14 March 2010

Human Rights Group Complain About Lack of Coverage for Serbians in Serbia

According to Human Rights Watch, the two years since unilateral independence in Kosovo have not brought improvement to the position of ethnic minorities in that breakaway Serbian province.

The Human Rights Watch report, circulated in New York, sounds alarm over the position of Roma minority and calls for expansion of the EU mission's mandate and a strategy to improve the situation.

The report, however, makes little mention of the position of the one hundred thousand Serbs, which is worse than that of the other minority groups. Yelena Guskova, an expert with Slav Studies Institute of the Russian Academy of Sciences, comments.

Reports of this kind are all biased, she says. Serbs are living in enclaves, in wire fenced territories. They live in dilapidated buildings, they have no churches nearby, and if they need to go somewhere, they can go escorted by NATO troops because Serb territories are still in the gun sights of Albanian militants.

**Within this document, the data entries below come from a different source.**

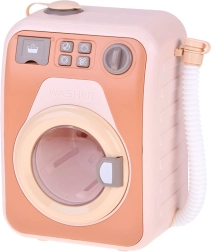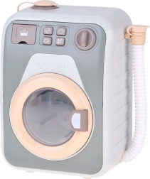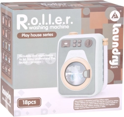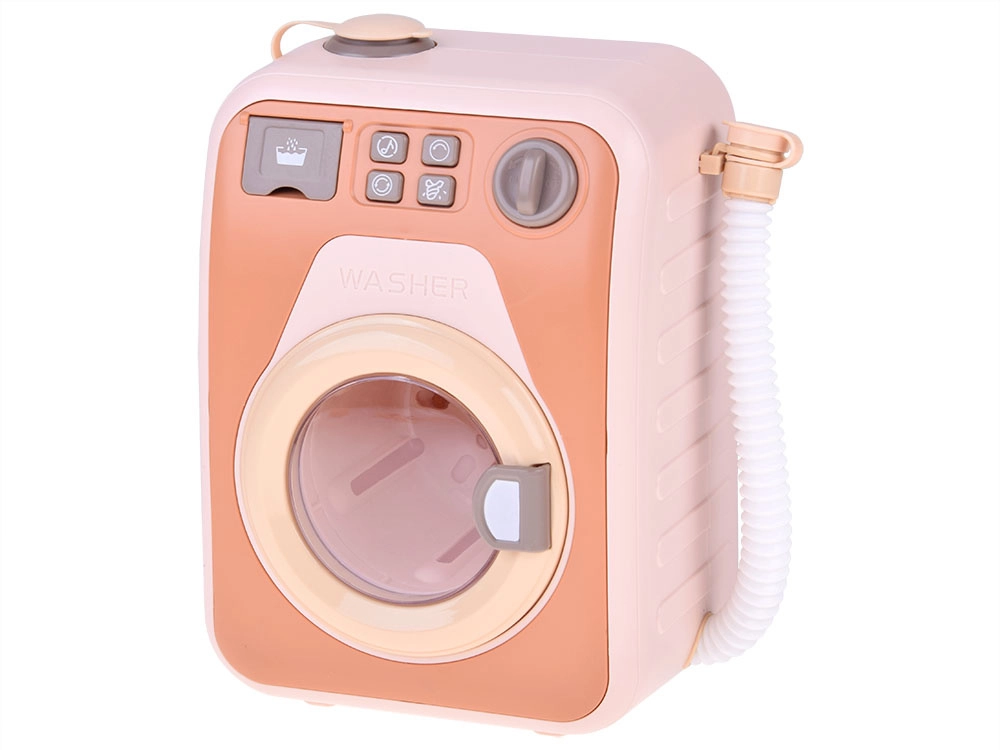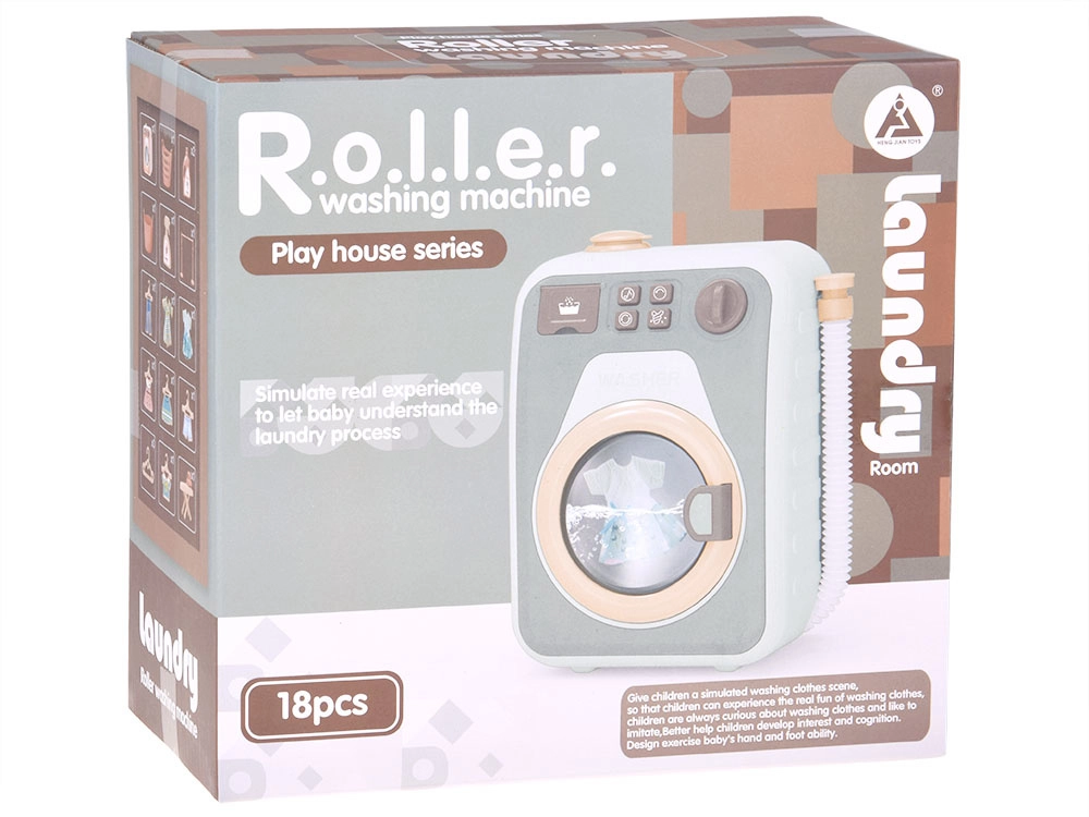 See interaktiivne 2‑ühes pesumasin kuivatiga pastelltoonides matkib tõetruult päris kodumasinaid: on juhtpaneel, nupud, pöördlüliti, avatav trummel ning sahtlid pesupulbri ja vee jaoks. Lapsed saavad „päriselt” pesta – täita trumli veega, käivitada programmi ja lõpuks lasta vee välja vooliku abil, millel on sulgur.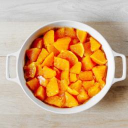 7. Når pannacottan er stivnet, skær små stykker af ananasen og fordel dem sammen med saften fra dåsen ovenpå pannacottaen.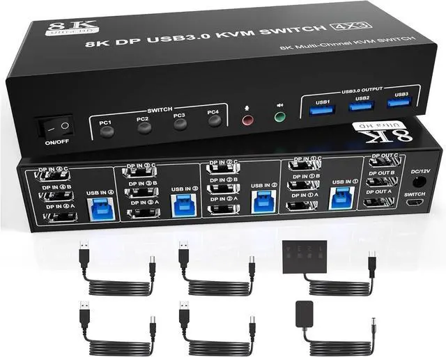 1x 4Ports USB 3.0 DisplayPort Triple Monitor KVM Switch,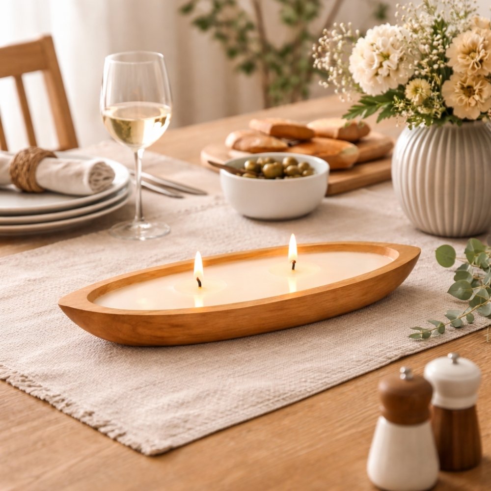 Wie ein ruhiger Moment am Wasser wirkt das CERO-Boat: langgezogen, harmonisch und reduziert – und genau deshalb so besonders. Die sanfte Flamme spiegelt sich im hellen Wachs, während das massive Teakholz mit seiner lebendigen Maserung Wärme und Natürlichkeit ausstrahlt. Ob auf einem Kaminsims, auf einem Sideboard oder auf einem Tablett im Badezimmer – diese Kerzenschale schafft Atmosphäre, ohne sich aufzudrängen.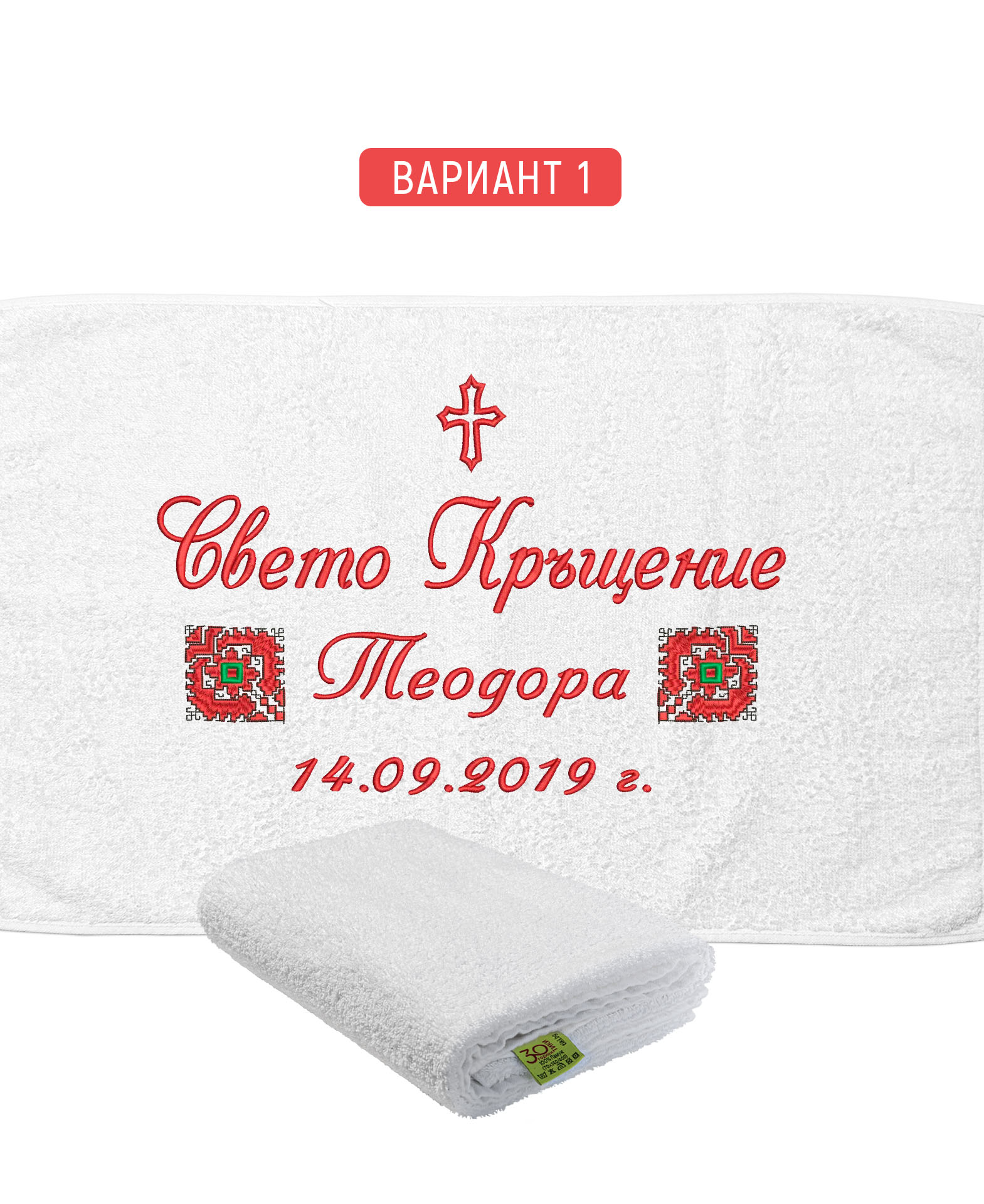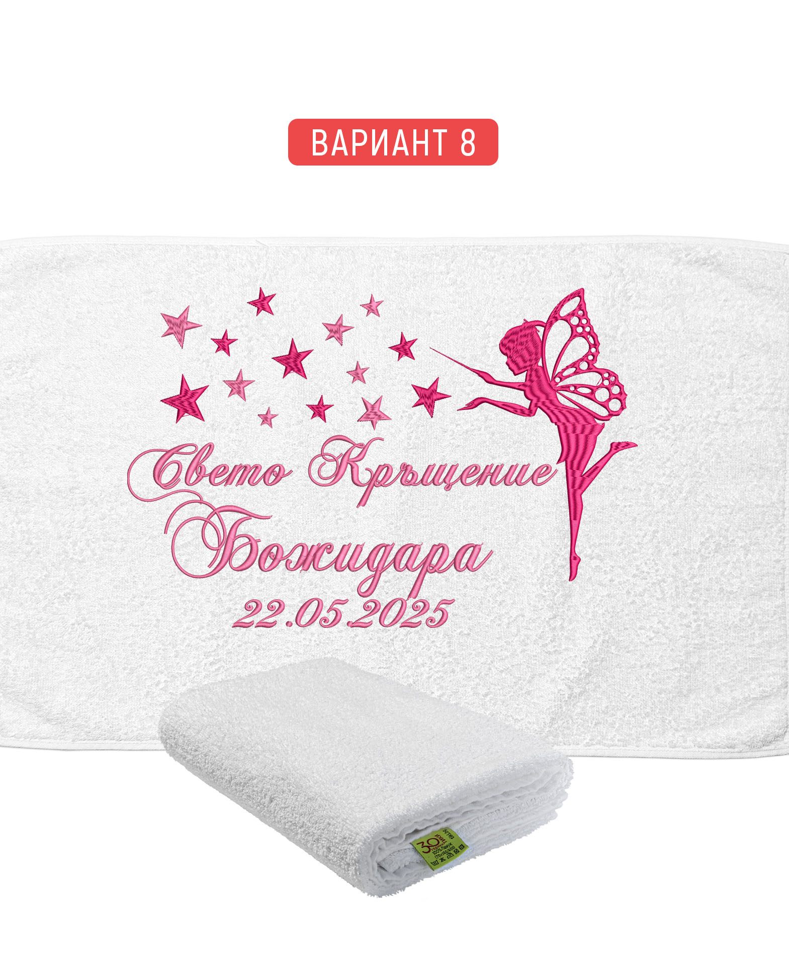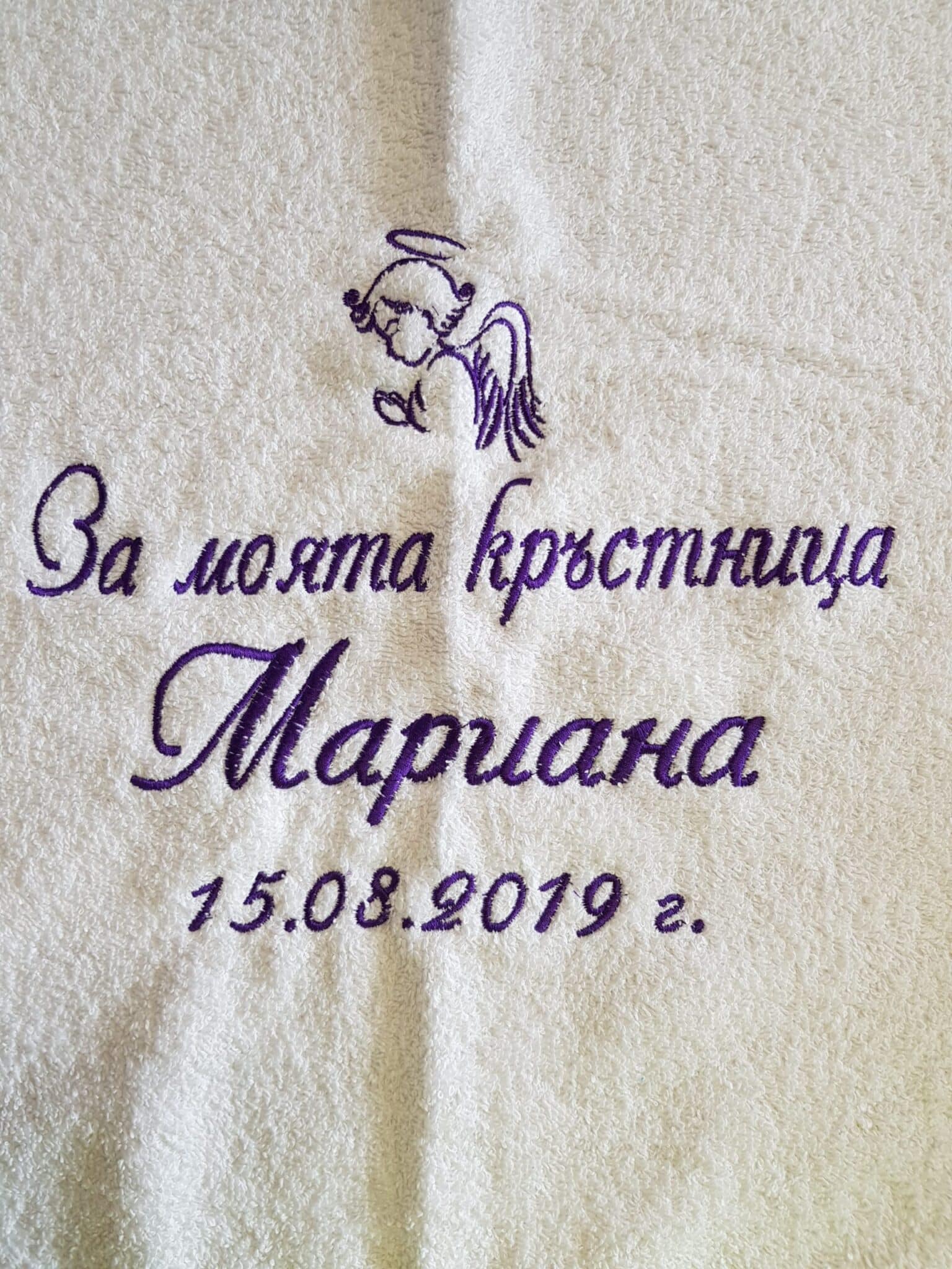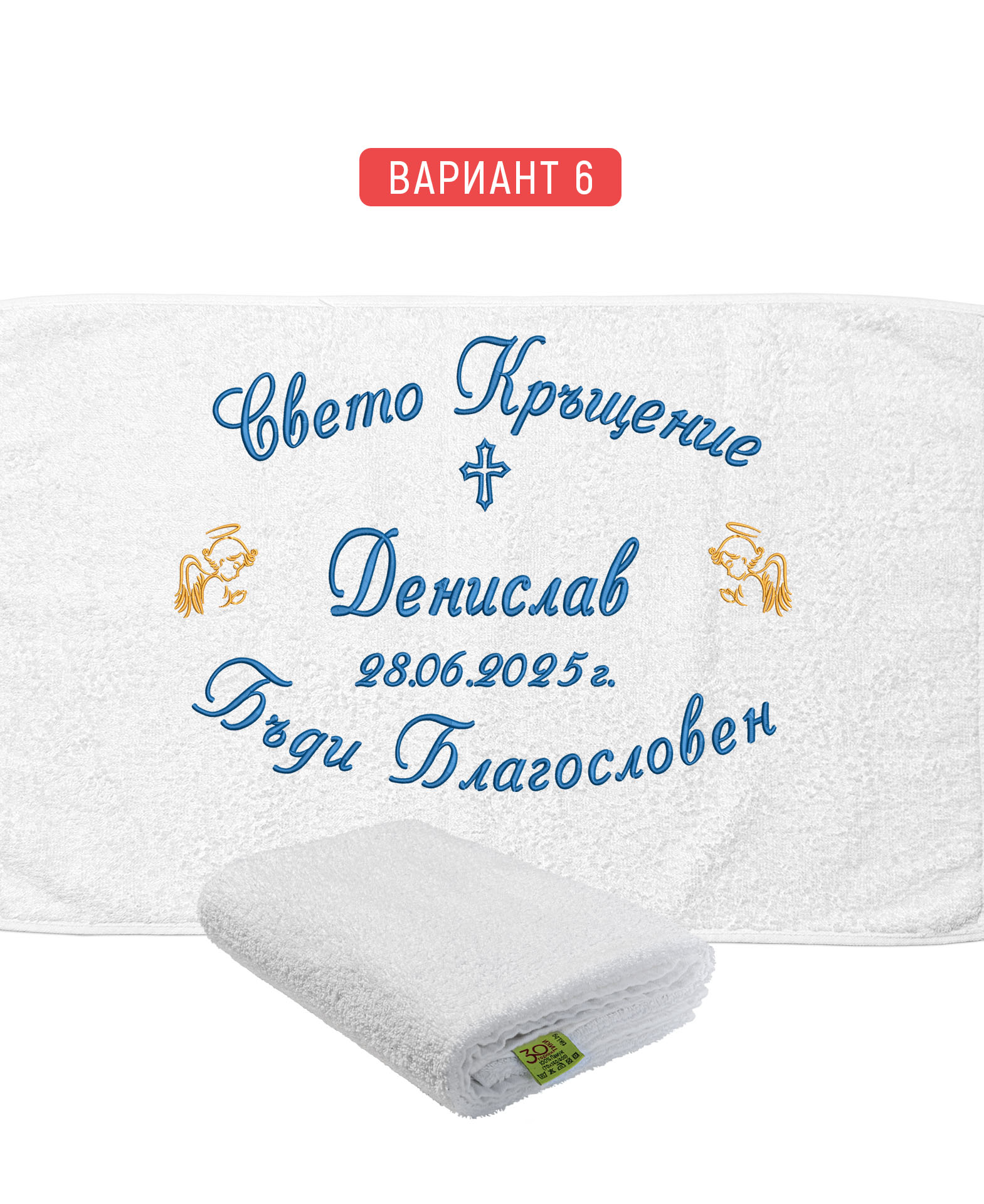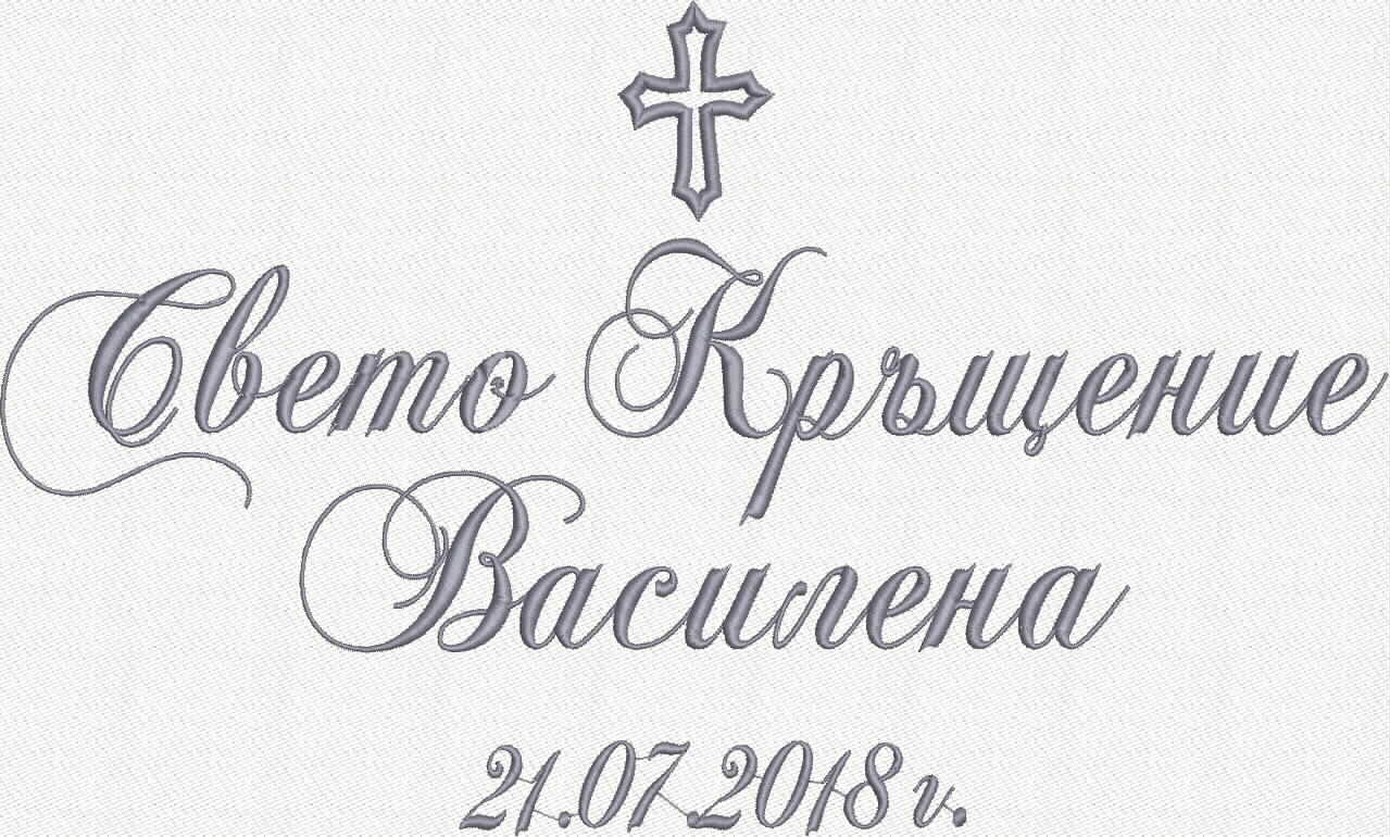 Избирате цвят на конците и стил на шрифта, така че вашата хавлия с бродерия да бъде уникална и съобразена с темата на събитието. Цветовите комбинации се изработват по заявка и позволяват пълно съответствие с останалите елементи от комплекта за свето кръщение.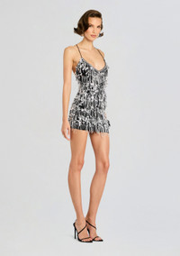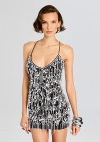Step into the spotlight with our Haven Dress. Embrace the allure of glamour and sophistication with this statement piece that promises to make heads turn at any event. The sequin feather embellishments add a touch of edge, while the fringe sequin details create movement and drama with every step you take. The sultry open back adds an unexpected twist to the timeless silhouette, ensuring you'll make a lasting impression wherever you go. Whether you're attending a cocktail party, a formal event, or a night out on the town, this dress is guaranteed to steal the show. Shown here in Silver/Black. - HANDMADE - Hand-stitched sequin and chain embellishments - 100% Nylon - Made in India - Model is 5'11" wearing size S - Style No. - SS24-9226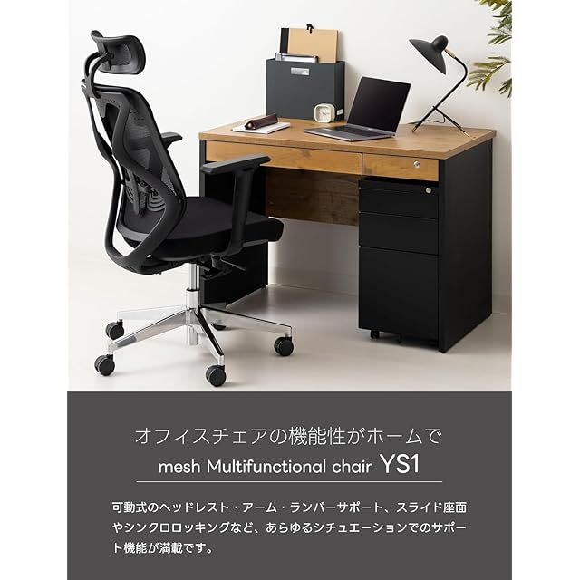 オフィスコム オフィスチェア YS-1 ハイバック 可動肘 ブラック (背メッシュ/座クロス) ヘッドレスト ランバーサポート スライド座面 OC-CHFB-NY03-AH-MBK2

The former Serb province of Kosovo is where the interests of different countries clashed. The countries in question include the United States, which in fact forced Europe to recognize the independence of Kosovo, run by Albanian authorities; Russia, which wants a fairer solution to the conflict; Belgrade, which won't part with its territory; and now non-governmental organizations have stepped in. These organizations publish reports, and those not knowledgeable in this matter cite these reports. Naturally, the rights of Roma minority are important, but the rights of Serbs should be in the limelight too as the Serb community lived in this land for centuries and clings to it as their last most valuable possession.